Problem: Write the data out again exactly, with no pictures.

Provided data:
▬▬▬
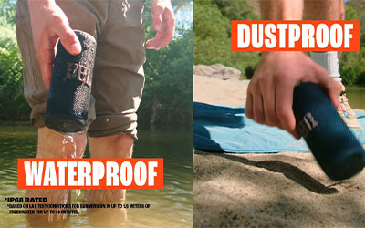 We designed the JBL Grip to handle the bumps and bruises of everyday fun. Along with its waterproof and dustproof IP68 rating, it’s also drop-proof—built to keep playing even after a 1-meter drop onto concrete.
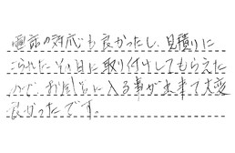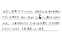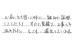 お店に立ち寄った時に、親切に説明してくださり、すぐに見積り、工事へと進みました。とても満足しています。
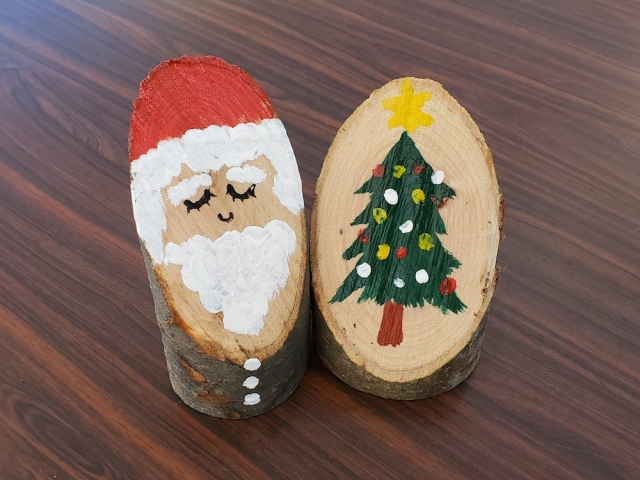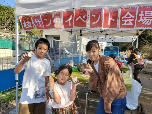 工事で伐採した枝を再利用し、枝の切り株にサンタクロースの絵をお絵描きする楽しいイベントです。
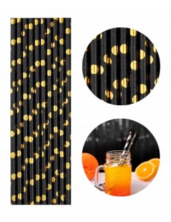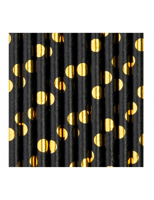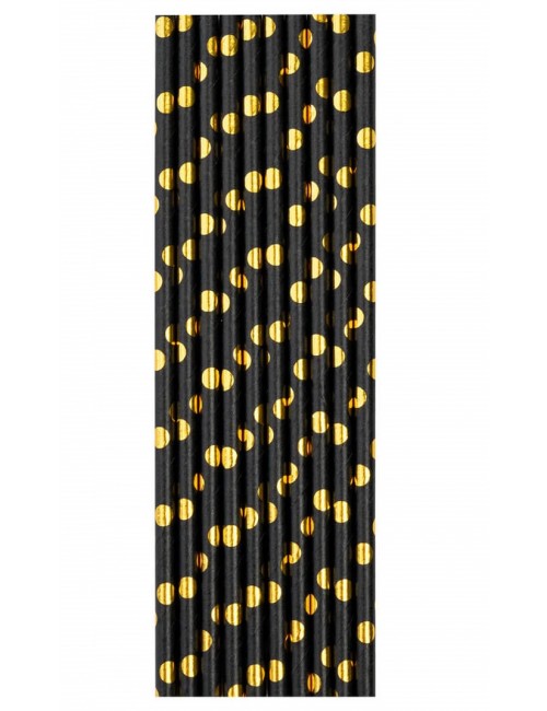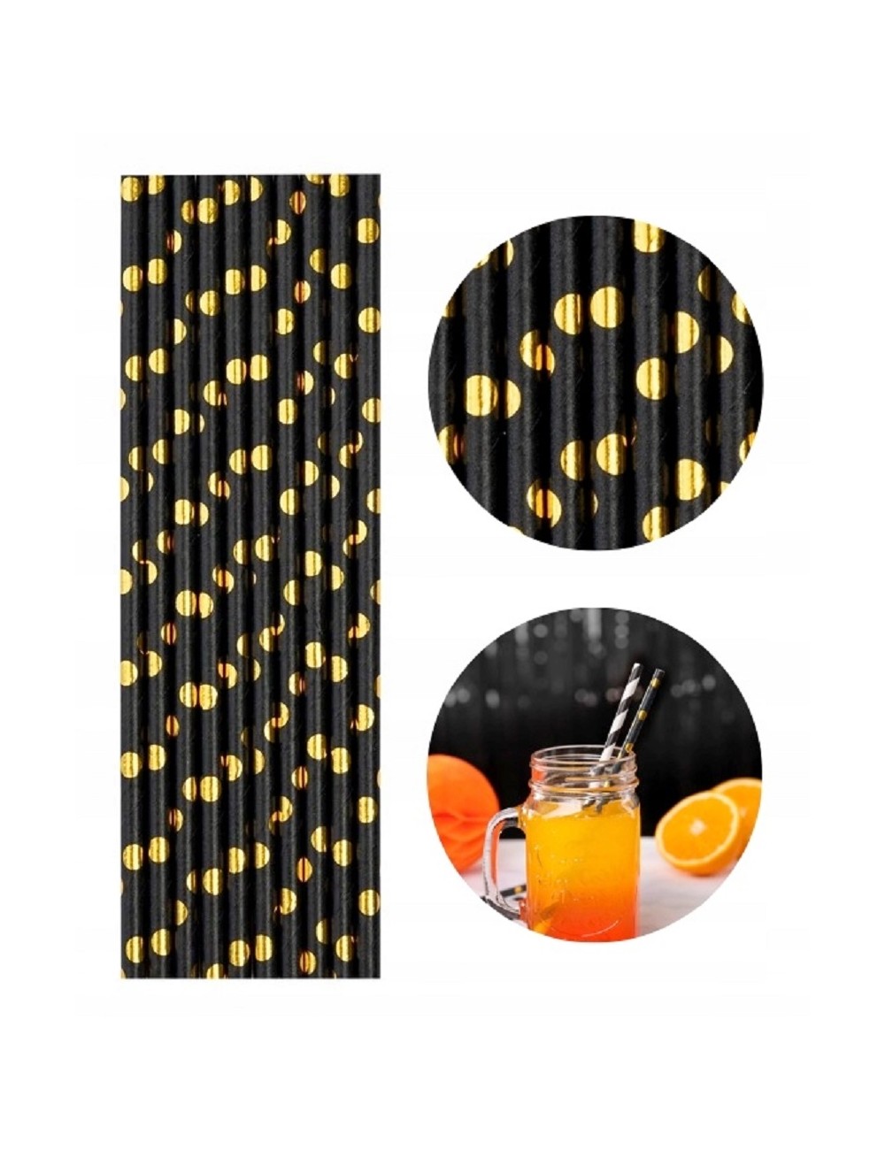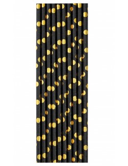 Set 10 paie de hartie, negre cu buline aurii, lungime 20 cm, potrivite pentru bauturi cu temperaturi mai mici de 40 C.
▬▬▬
Written answer:
 We designed the JBL Grip to handle the bumps and bruises of everyday fun. Along with its waterproof and dustproof IP68 rating, it’s also drop-proof—built to keep playing even after a 1-meter drop onto concrete.
 お店に立ち寄った時に、親切に説明してくださり、すぐに見積り、工事へと進みました。とても満足しています。
 工事で伐採した枝を再利用し、枝の切り株にサンタクロースの絵をお絵描きする楽しいイベントです。
 Set 10 paie de hartie, negre cu buline aurii, lungime 20 cm, potrivite pentru bauturi cu temperaturi mai mici de 40 C.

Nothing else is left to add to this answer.